Hen­der­son and the tri­umph of sci­ence

Maryland Independent - - Community Forum -

At a time when Hil­lary Clin­ton gets ap­plause by declar­ing, “I be­lieve in sci­ence,” it’s worth tak­ing a mo­ment to re­mem­ber the life and achievements of Don­ald Ainslee Hen­der­son. All he did with sci­ence was erad­i­cate small­pox.

Dr. Hen­der­son died Fri­day at age 87 in Tow­son, not far from the Johns Hop­kins Uni­ver­sity Bloomberg School of Public Health in Baltimore, where he had been dean emer­i­tus. In the early 1960s, while work­ing for the Cen­ters for Dis­ease Con­trol, he and his team be­gan an am­bi­tious pro­gram to elim­i­nate small­pox in 18 African coun­tries.

At the time, “the red death” was killing two mil­lion peo­ple a year around the world. In ear­lier cen­turies, small­pox epi­demics had rav­aged the world’s con­ti­nents, strik­ing down peas­ants and po­ten­tates alike, wip­ing out en­tire pop­u­la­tions. In the late 18th cen­tury, an early form of vac­ci­na­tion with the re­lated cow­pox virus be­gan to show suc­cess in Europe and Amer­ica, but small­pox con­tin­ued un­abated in most of the world.

In 1965, the Soviet Union de­manded that the United Na­tions’ World Health Or­ga­ni­za­tion do some­thing about it.
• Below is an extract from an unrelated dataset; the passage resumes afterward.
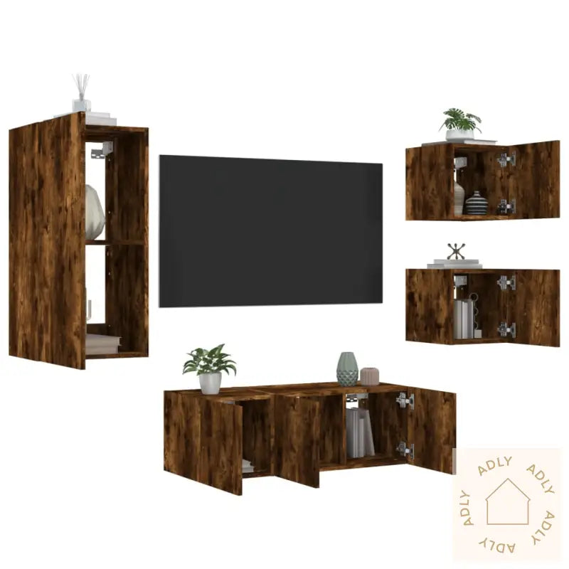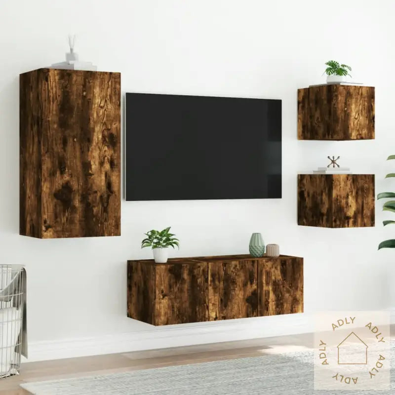 Skruer og plugger til veggmontering følger ikke med. Husk å velge riktige fester til din veggtype – om du er usikker, anbefales det å kontakte en fagperson. Følg alltid instruksjonene nøye.Produktet leveres med USB-kontakt og trenger en sertifisert USB-strømkilde på 5V (ikke inkludert).Farge: røkt eik, som gir et moderne og varmt uttrykk.Materiale: konstruert tre, både robust og lett å vedlikeholde.Montering kreves: jaLeveransen inkluderer:3 x vegghengte TV-benker (30,5 x 35 x 30 cm)1 x vegghengt TV-benk (40,5 x 35 x 80 cm)1 x vegghengt TV-benk (60 x 35 x 31 cm)

The WHO, with the sort of bu­reau­cratic cau­tion that still plagues the U.N. to­day, was re­luc­tant to take on the job.

In an oral his­tory, Hen­der­son would re­call that WHO’s di­rec­tor gen­eral called the U.S. sur­geon gen­eral with a de­mand: “I want an Amer­i­can to run the pro­gram, be­cause when it goes down, when it fails, I want it to be seen that there is an Amer­i­can there, and the U.S. is re­ally re­spon­si­ble for this dread­ful thing that you have launched the World Health Or­ga­ni­za­tion into, and the per­son I want is Hen­der­son.”

Dr. Hen­der­son and his team did not fail. They suc­ceeded spec­tac­u­larly. By 1980, the dis­ease was de­clared gone from the face of the earth.

In his 2009 book, “Small­pox: The Death of a Dis­ease,” Dr. Hen­der­son re­called that it wasn’t just about de­feat­ing small­pox but about de­feat­ing the WHO bu­reau­cracy. When his team needed a sup­ply of vac­cine, it would ask the WHO for it but, an­tic­i­pat­ing long de­lays, also se­cured sup­plies through back chan­nels. By the time the WHO sup­ply came through two years later, the orig­i­nal out­break had been con­tained and the WHO sup­ply could be used else­where.

Dr. Hen­der­son was a “Sher­man tank of a hu­man be­ing — he sim­ply rolled over bu­reau­crats who got in his way,” the author Richard Pre­ston told The Wash­ing­ton Post. In 2002, a Repub­li­can pres­i­dent awarded Dr. Hen­der­son the Medal of Free­dom. To­day’s Repub­li­can pres­i­den­tial nom­i­nee touts dis­cred­ited stud­ies about the dan­gers of vac­cines. To­day the U.S. Congress fails to fund the CDC’s fight against the Zika virus. To­day, ac­knowl­edg­ing global warm­ing is op­tional.

Those who “be­lieve in sci­ence” must do as Dr. Hen­der­son did: Bull­doze the ob­sta­cles aside.